The Division of Primary Care and Population Health seeks to serve our community through caring, learning, and innovation for the whole person through all stages of life. While engaged in practice and teaching, our faculty are dedicated to establishing new knowledge as the basis for future practice and prevention, and to the greatest extent possible applying that knowledge to improve care for all and reduce health disparities.
The research scholar will take a leadership role in Pascal Geldsetzer’s research group, which is a “dry lab” focused on quantitative analyses of existing, and often publicly accessible, datasets. The group is currently focused on studying the causal effect of shingles vaccination on cognition. In extensions of this work, the group is also interested in the effect of other vaccinations given in old age on dementia as well as the effect of infections on dementia. Key data sources for our projects are electronic health record data, epidemiological cohort studies, mortality data, and other large health-related administrative datasets. The researcher will be expected to publish in high-impact peer-reviewed journals.
We are in particular looking for individuals with in-depth experience in econometric/quasi-experimental approaches for causal effect estimation (e.g., regression discontinuity and difference-in-differences). We are looking for someone to start as soon as possible but there is no specific deadline for the application – we hire on an ongoing basis.
The initial appointment will be 1-year fixed term. The fixed-term may be renewed for additional years based on business needs.
CORE DUTIES:
- Carrying out data analyses
- Supervising data analyses led by graduate students and postdoctoral fellows
- Writing manuscripts for publication in scientific journals
- Mentoring and advising junior researchers
- Assisting with, and leading the writing of, grant applications for research funding
- Communicating with research funders, data providers, and project administrative staff
EDUCATION & EXPERIENCE:
• Doctoral degree with quantitative training or research experience.
• Training and experience in quasi-experimental techniques (regression discontinuity, difference-in-differences, interrupted time-series, etc.)
• A background in health-related research is a plus but not required
KNOWLEDGE, SKILLS AND ABILITIES:
• Strong coding skills in R, Stata, or other statistical software package.
• Strong writing and analytical skills.
• Ability to prioritize workload.
This role is open to candidates anywhere in the United States.
Why Stanford is for You
Imagine a world without search engines or social platforms. Consider lives saved through first-ever organ transplants and research to cure illnesses. Stanford University has revolutionized the way we live and enrich the world. Supporting this mission is our diverse and dedicated 17,000 staff. We seek talent driven to impact the future of our legacy. Our culture and unique perks empower you with:
- Freedom to grow. We offer career development programs, tuition reimbursement, or audit a course. Join a TedTalk, film screening, or listen to a renowned author or global leader speak.
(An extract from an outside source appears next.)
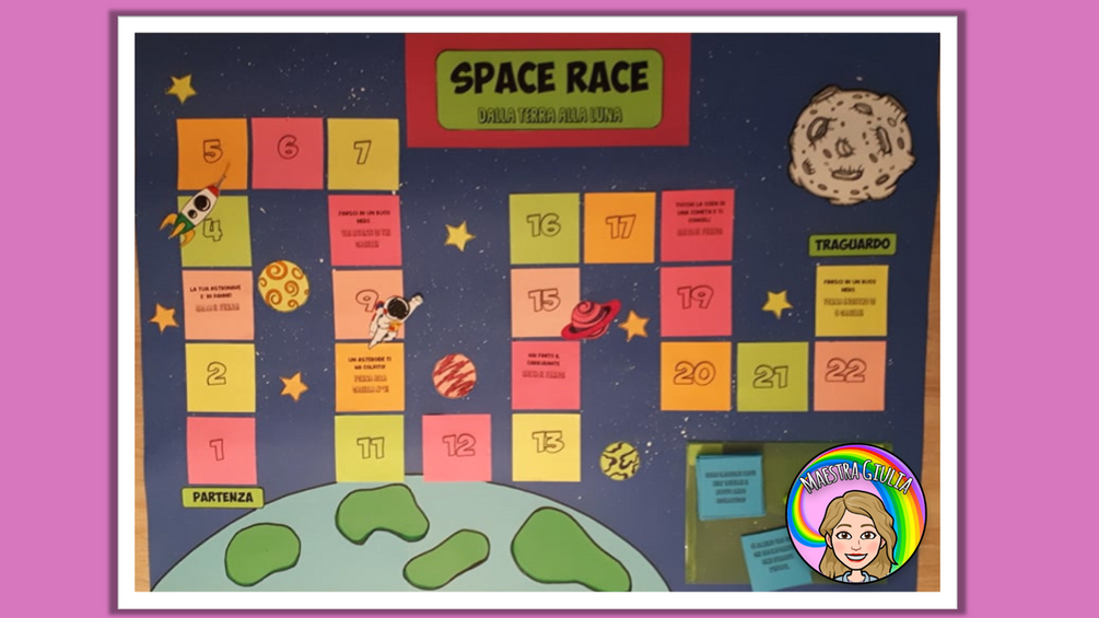 1. Il primo file contiene le caselle di gioco, gli elementi di decoro (stelle, pianeti, luna), il titolo e le targhette (partenza e traguardo), l'astronauta e il razzo (le pedine).

- A caring culture. We provide superb retirement plans, generous time-off, and family care resources.
- A healthier you. Climb our rock wall or choose from hundreds of health or fitness classes at our world-class exercise facilities. We also provide excellent health care benefits.
- Discovery and fun. Stroll through historic sculptures, trails, and museums.
- Enviable resources. Enjoy free commuter programs, ridesharing incentives, discounts and more.
The job duties listed are typical examples of work performed by positions in this job classification and are not designed to contain or be interpreted as a comprehensive inventory of all duties, tasks, and responsibilities. Specific duties and responsibilities may vary depending on department or program needs without changing the general nature and scope of the job or level of responsibility. Employees may also perform other duties as assigned.
Stanford is an equal employment opportunity and affirmative action employer. All qualified applicants will receive consideration for employment without regard to race, color, religion, sex, sexual orientation, gender identity, national origin, disability, protected veteran status, or any other characteristic protected by law.